- ASSIGNED TASK -
Beginning with the line that contains "Strakke en duurzame" and ending with the line that contains "Dressed for every", reproduce the lines of the entries below exactly, omitting pictures.

- EXERCISE MATERIALS -
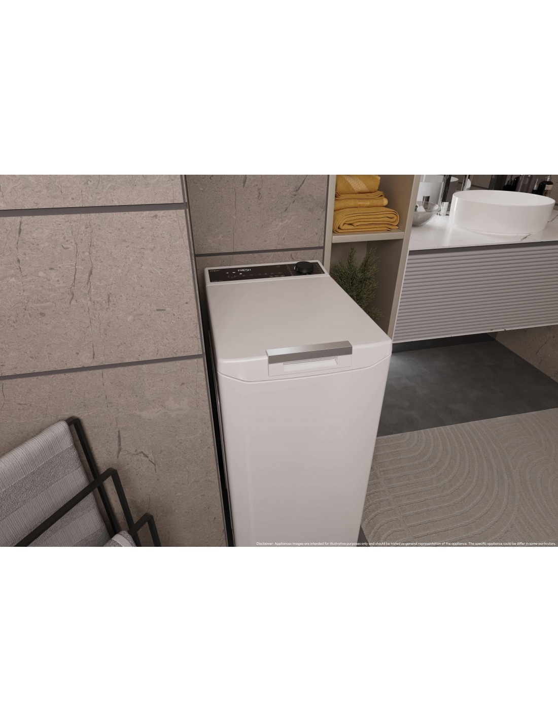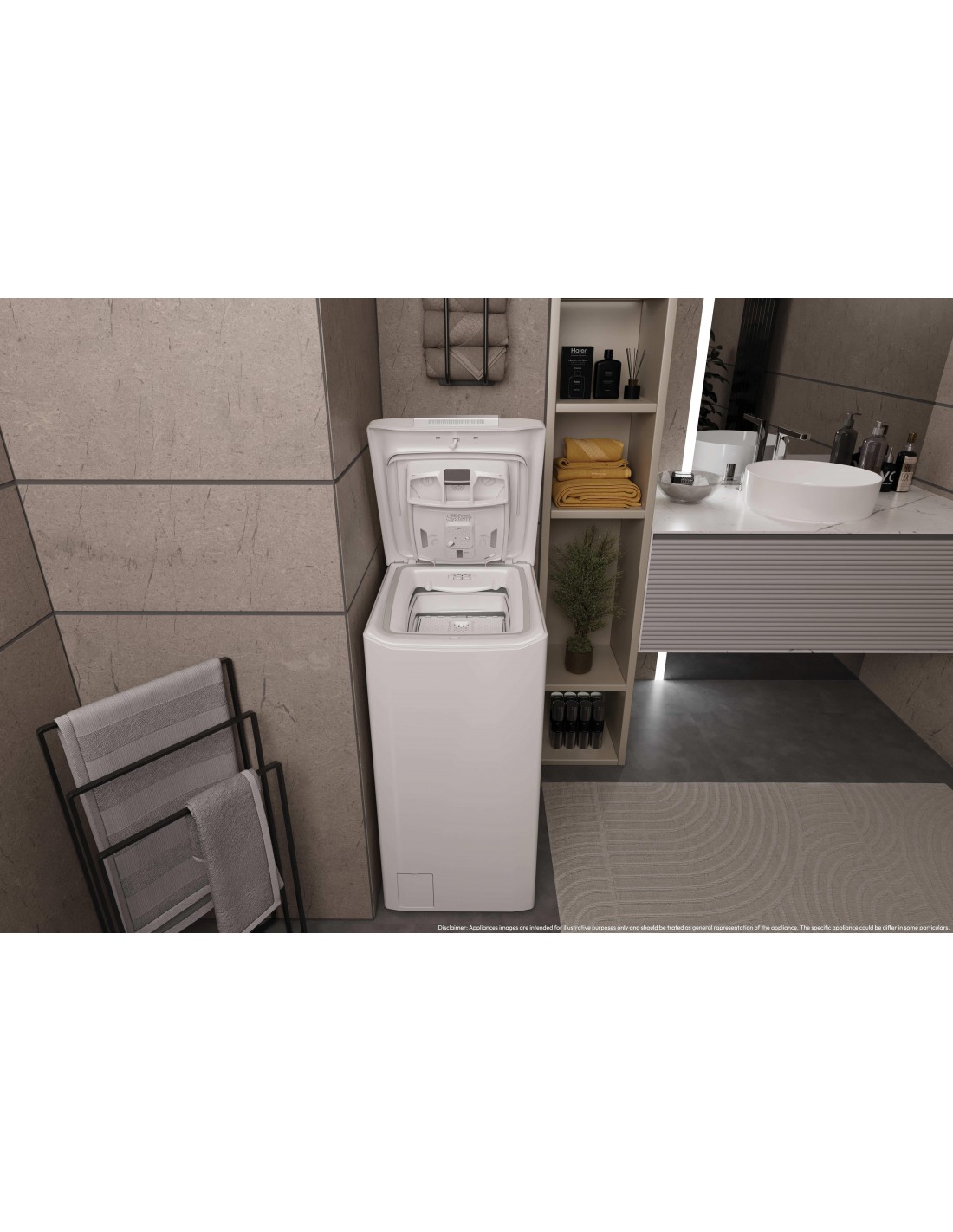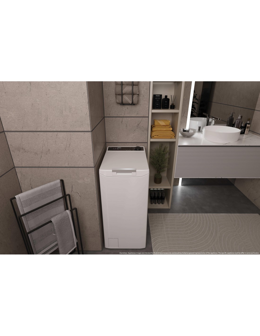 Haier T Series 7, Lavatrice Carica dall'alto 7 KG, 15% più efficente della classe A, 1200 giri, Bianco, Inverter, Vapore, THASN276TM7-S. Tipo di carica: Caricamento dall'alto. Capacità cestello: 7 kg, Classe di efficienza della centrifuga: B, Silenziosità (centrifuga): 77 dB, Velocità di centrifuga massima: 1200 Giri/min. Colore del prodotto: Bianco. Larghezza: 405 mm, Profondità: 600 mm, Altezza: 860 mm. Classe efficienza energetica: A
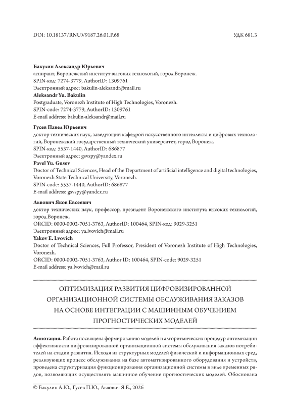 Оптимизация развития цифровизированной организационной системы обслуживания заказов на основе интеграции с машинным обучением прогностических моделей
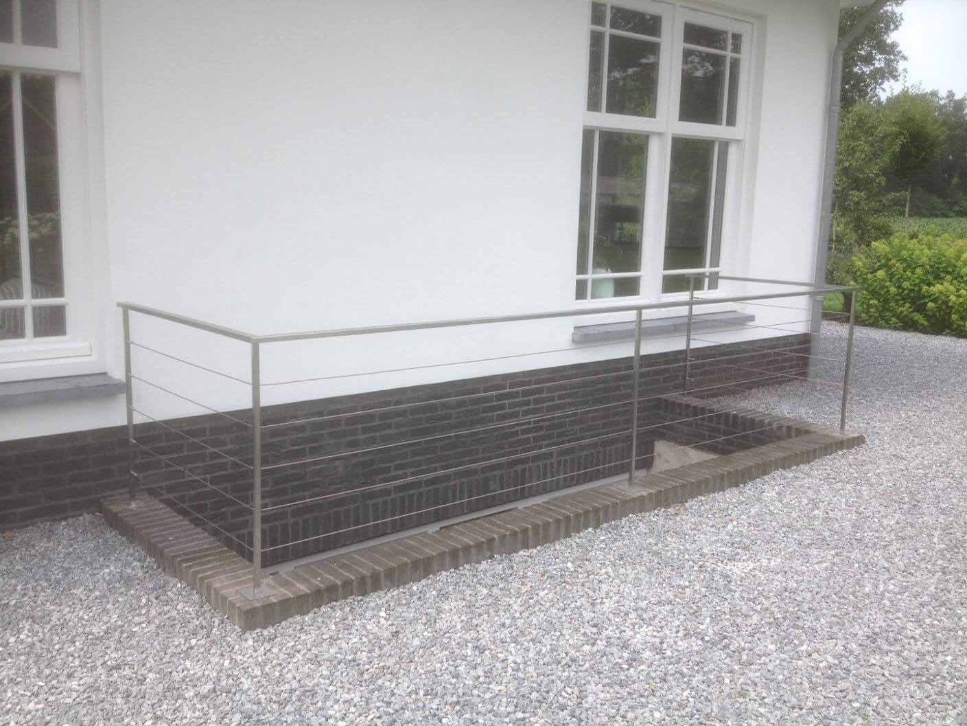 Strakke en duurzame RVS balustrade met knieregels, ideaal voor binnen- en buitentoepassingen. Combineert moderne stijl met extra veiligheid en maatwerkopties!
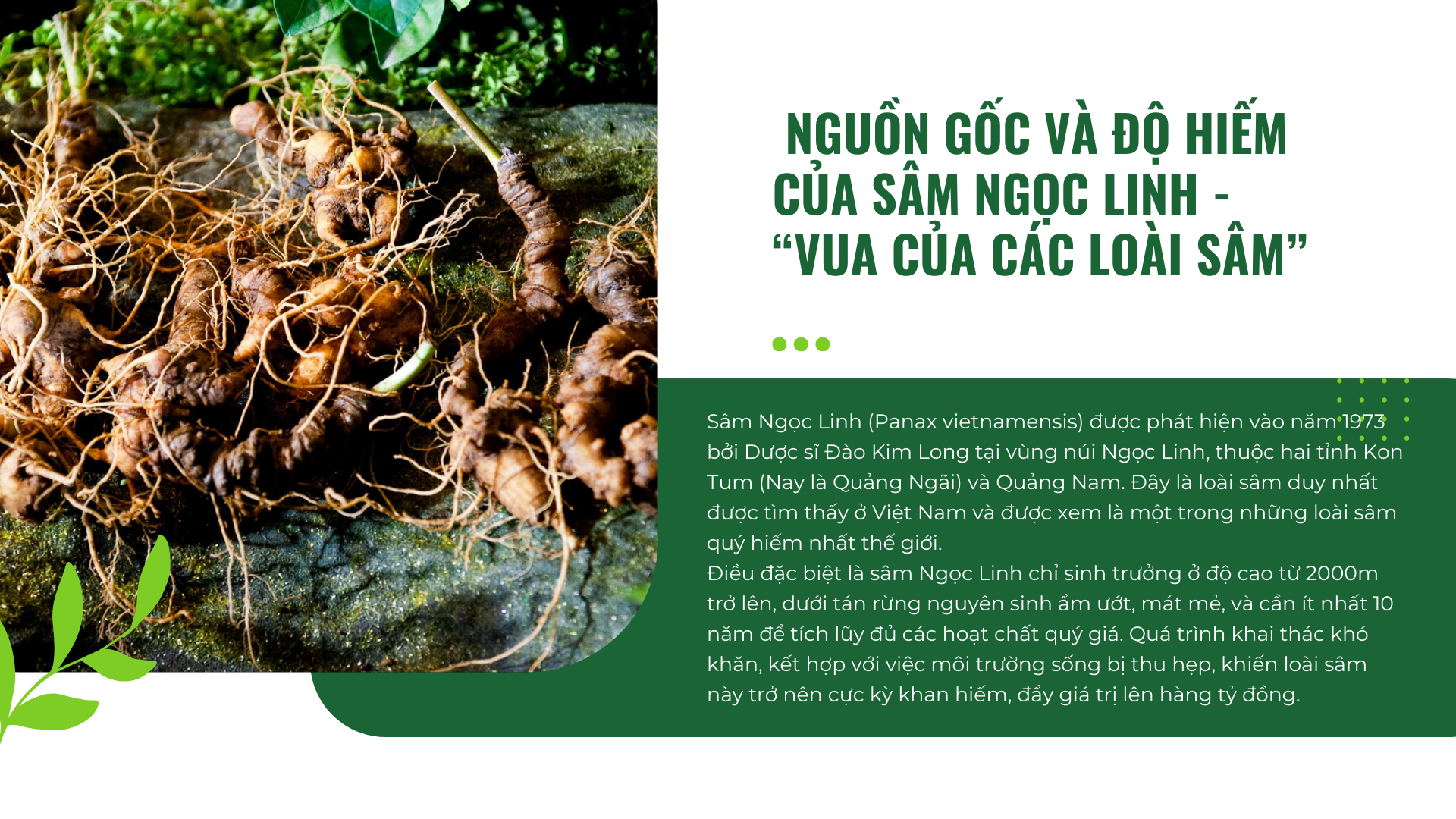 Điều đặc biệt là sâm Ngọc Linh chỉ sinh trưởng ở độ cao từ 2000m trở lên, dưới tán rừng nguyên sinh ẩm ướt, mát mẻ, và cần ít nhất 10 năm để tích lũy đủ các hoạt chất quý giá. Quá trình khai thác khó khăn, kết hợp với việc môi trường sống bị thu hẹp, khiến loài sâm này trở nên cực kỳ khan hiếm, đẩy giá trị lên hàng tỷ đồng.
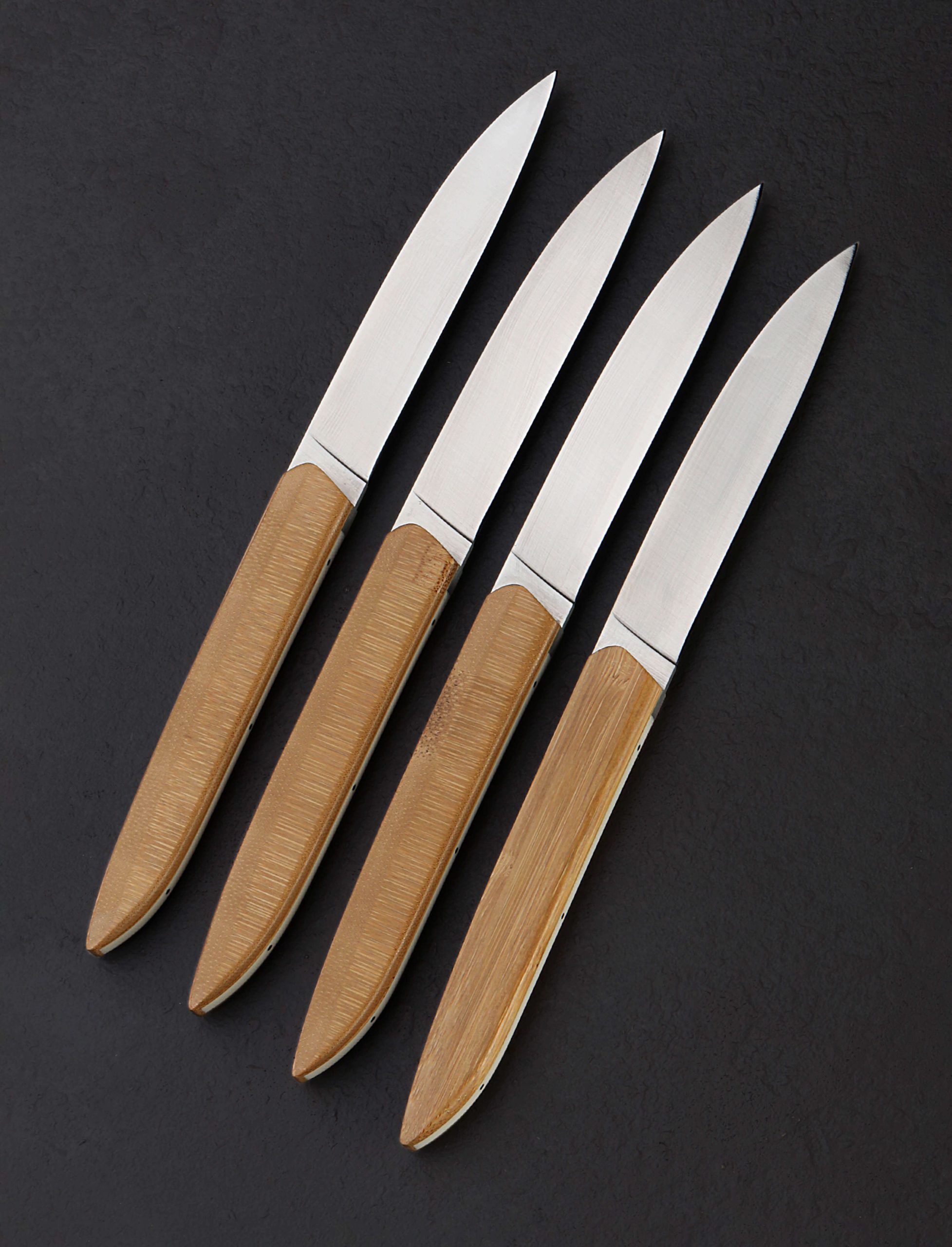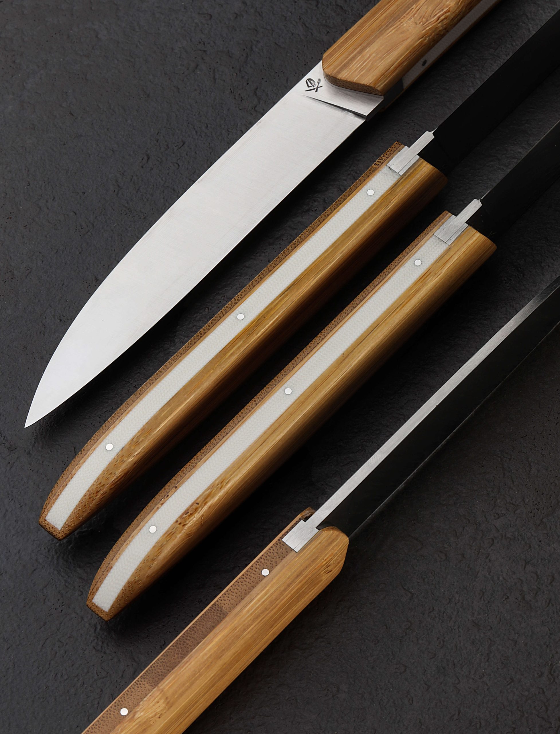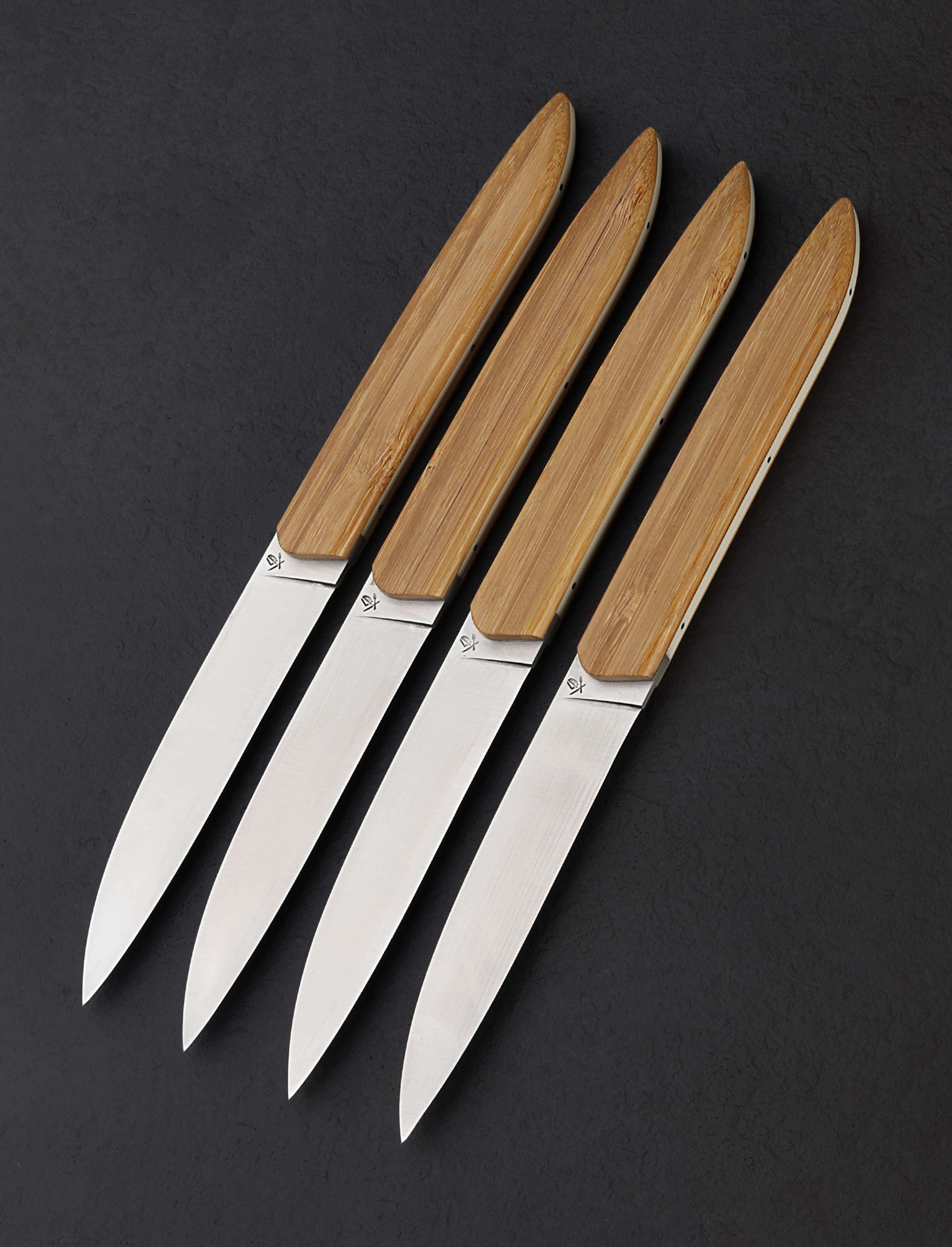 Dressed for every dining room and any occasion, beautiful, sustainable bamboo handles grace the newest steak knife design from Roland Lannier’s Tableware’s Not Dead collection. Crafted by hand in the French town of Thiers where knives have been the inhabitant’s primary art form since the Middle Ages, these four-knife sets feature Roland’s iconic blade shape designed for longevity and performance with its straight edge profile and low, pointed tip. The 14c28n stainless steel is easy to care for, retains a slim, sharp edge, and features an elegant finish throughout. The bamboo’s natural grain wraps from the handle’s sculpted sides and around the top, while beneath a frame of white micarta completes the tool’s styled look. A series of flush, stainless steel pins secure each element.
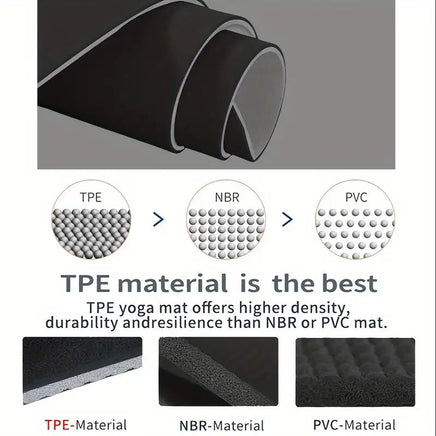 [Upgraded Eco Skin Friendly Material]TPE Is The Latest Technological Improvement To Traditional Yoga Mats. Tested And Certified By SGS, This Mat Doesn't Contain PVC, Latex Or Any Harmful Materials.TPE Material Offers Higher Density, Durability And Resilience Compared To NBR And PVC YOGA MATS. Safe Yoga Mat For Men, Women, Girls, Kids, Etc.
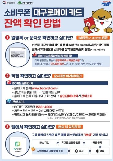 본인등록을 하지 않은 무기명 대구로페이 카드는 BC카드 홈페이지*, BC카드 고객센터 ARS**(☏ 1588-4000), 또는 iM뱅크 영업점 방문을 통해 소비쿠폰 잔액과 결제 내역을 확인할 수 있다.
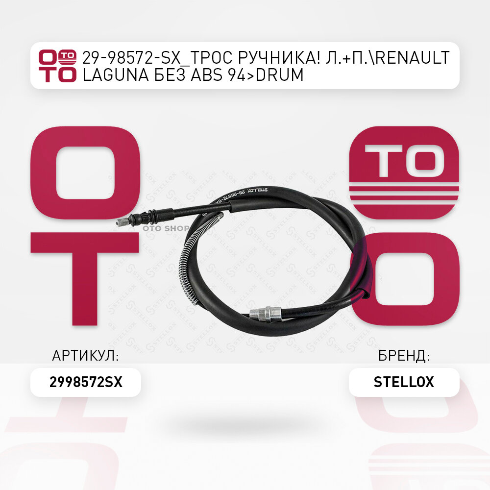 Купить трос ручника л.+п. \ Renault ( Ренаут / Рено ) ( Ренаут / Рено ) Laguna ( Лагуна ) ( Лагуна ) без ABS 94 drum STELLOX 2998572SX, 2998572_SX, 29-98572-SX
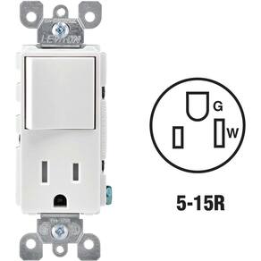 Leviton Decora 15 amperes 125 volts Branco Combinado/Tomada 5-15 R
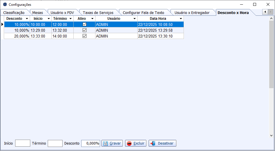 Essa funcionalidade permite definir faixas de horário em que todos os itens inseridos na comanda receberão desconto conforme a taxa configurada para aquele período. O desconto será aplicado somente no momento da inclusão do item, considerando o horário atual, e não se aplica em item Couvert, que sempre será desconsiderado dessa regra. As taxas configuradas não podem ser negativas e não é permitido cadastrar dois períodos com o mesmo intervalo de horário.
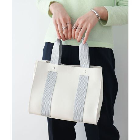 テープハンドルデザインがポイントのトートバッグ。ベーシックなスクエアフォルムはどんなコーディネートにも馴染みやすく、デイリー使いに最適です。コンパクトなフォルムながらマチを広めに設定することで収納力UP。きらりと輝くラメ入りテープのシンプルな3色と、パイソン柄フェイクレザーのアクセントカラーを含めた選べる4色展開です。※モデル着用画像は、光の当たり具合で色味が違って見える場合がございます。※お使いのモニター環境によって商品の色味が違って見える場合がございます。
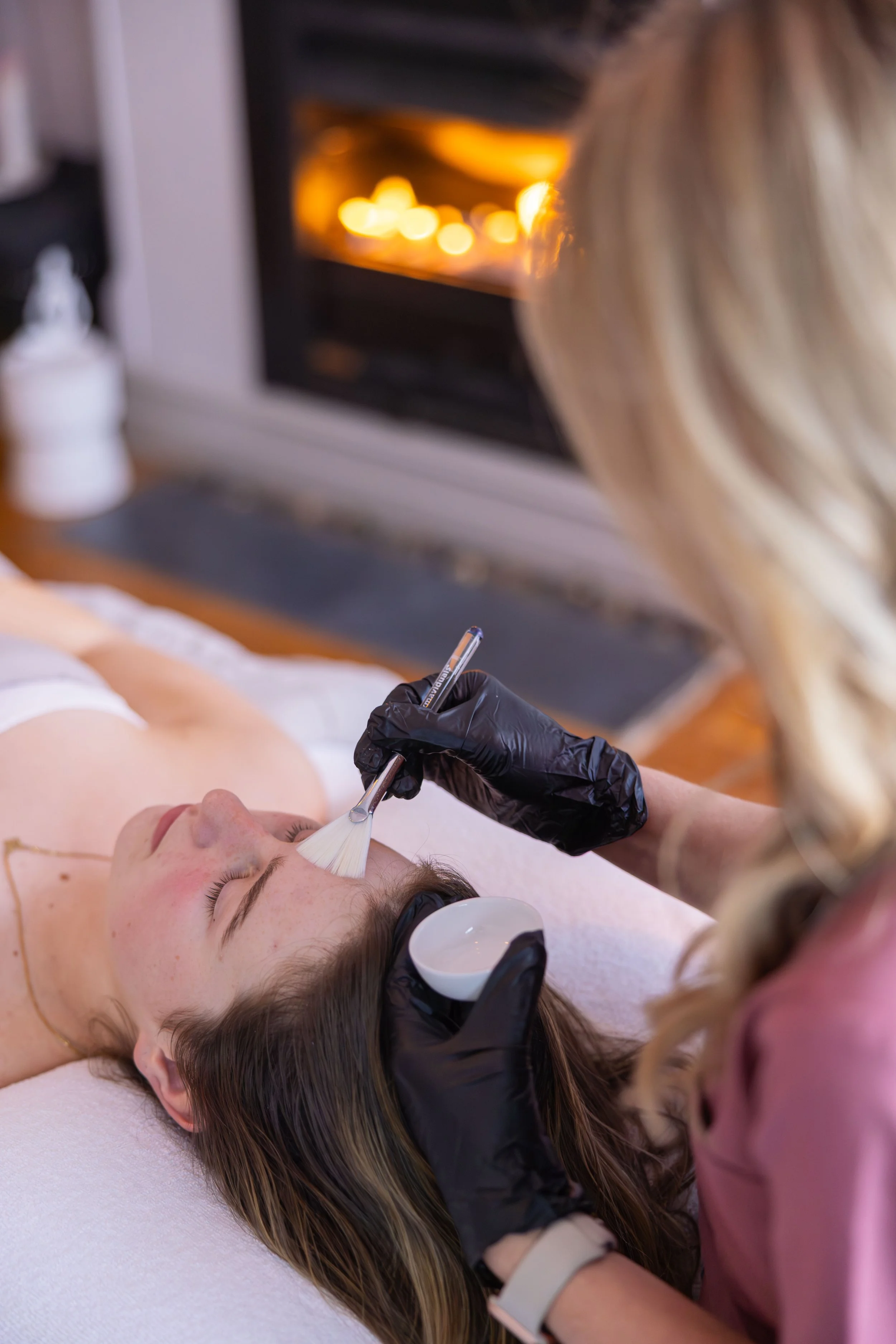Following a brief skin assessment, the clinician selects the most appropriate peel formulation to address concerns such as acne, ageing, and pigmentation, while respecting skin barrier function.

- SOLUTION FOR THIS TASK -
 Strakke en duurzame RVS balustrade met knieregels, ideaal voor binnen- en buitentoepassingen. Combineert moderne stijl met extra veiligheid en maatwerkopties!
 Điều đặc biệt là sâm Ngọc Linh chỉ sinh trưởng ở độ cao từ 2000m trở lên, dưới tán rừng nguyên sinh ẩm ướt, mát mẻ, và cần ít nhất 10 năm để tích lũy đủ các hoạt chất quý giá. Quá trình khai thác khó khăn, kết hợp với việc môi trường sống bị thu hẹp, khiến loài sâm này trở nên cực kỳ khan hiếm, đẩy giá trị lên hàng tỷ đồng.
 Dressed for every dining room and any occasion, beautiful, sustainable bamboo handles grace the newest steak knife design from Roland Lannier’s Tableware’s Not Dead collection. Crafted by hand in the French town of Thiers where knives have been the inhabitant’s primary art form since the Middle Ages, these four-knife sets feature Roland’s iconic blade shape designed for longevity and performance with its straight edge profile and low, pointed tip. The 14c28n stainless steel is easy to care for, retains a slim, sharp edge, and features an elegant finish throughout. The bamboo’s natural grain wraps from the handle’s sculpted sides and around the top, while beneath a frame of white micarta completes the tool’s styled look. A series of flush, stainless steel pins secure each element.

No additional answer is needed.